Predictably my banging about and occasional cries drew people to me. Those first to arrive were horrified and I can remember when one attempted to come closer to help when someone else pulled them back. A general evacuation of the entire building came next. Everyone left in a hurry with just a few knowing what the cause was. Not a single person stayed behind with me. You can see on the video me flailing around in my clothes so it would have been nice if someone helped with those but fear of Kanis is higher than understanding of it.
For twenty-three minutes I changed by my lonesome. This period of time is utterly blank in my memory due to forces at work on my brain at the time. I crawled out of my hoodie and pants at some point. Had my rear end force me onto four legs. Fur was itching me all over. My face was unrecognizable while I’d lost my human voice to whines and canine howls. I was found by a hazmat unit who put up a perimeter, gathered materials, including my things, and only moved to gather me when physically I was near the end of my transformation. The last frames of the leaked footage was of me being corralled into a mobile cage.
Barely thirty minutes after getting that stupid email and getting emotional I was barking, wagging my tail, and scratching at fur like a dog. Okay, I had a lot of fur to grow in and my organs weren’t all there (the stomach pains are another feeling I remember vividly and still have trouble with) but anyone looking would think I was some mangy dog. It’s what I thought when I saw the video. Probably for the best that time for me was one I don’t remember well.
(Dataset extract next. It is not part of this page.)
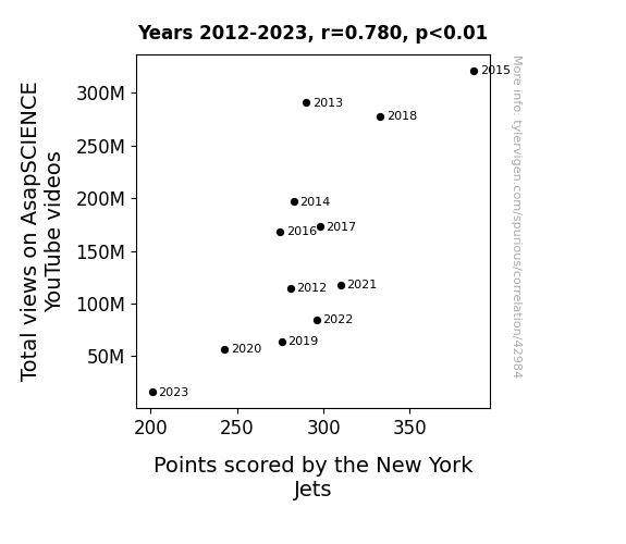 This means 60.9% of the change in the one variable (i.e., Points scored by the New York Jets) is predictable based on the change in the other (i.e., Total views on AsapSCIENCE YouTube videos) over the 12 years from 2012 through 2023.

I woke up back to my old self restrained in a hospital bed, sedated, and hooked up to a lot of monitors. I was in my own room that was being guarded by a pair of dudes that weren’t cops. I come to find out they’re military and they’re with some government doctors whose job it was to deal with cases like mine. Fun way to be welcomed into a new world that I never signed up for. Took a couple hours for me to finally see someone, a Dr. Sease, and get my diagnosis.
To his credit he was trying to show some bedside manner in telling me that I had contracted a chronic form of Kanis Syndrome. Argo had tested positive and likely came into sexual contact with a positive testing female dog that had already been picked up. Had anyone known this and I gone to the hospital I likely could have been treated and cured. Since I progressed through a full transformation cycle I would have to live with it for the rest of my life. I asked about a cure and if there was any progress. Dr Sease told me it was best to prepare for living a life torn between myself and the dog.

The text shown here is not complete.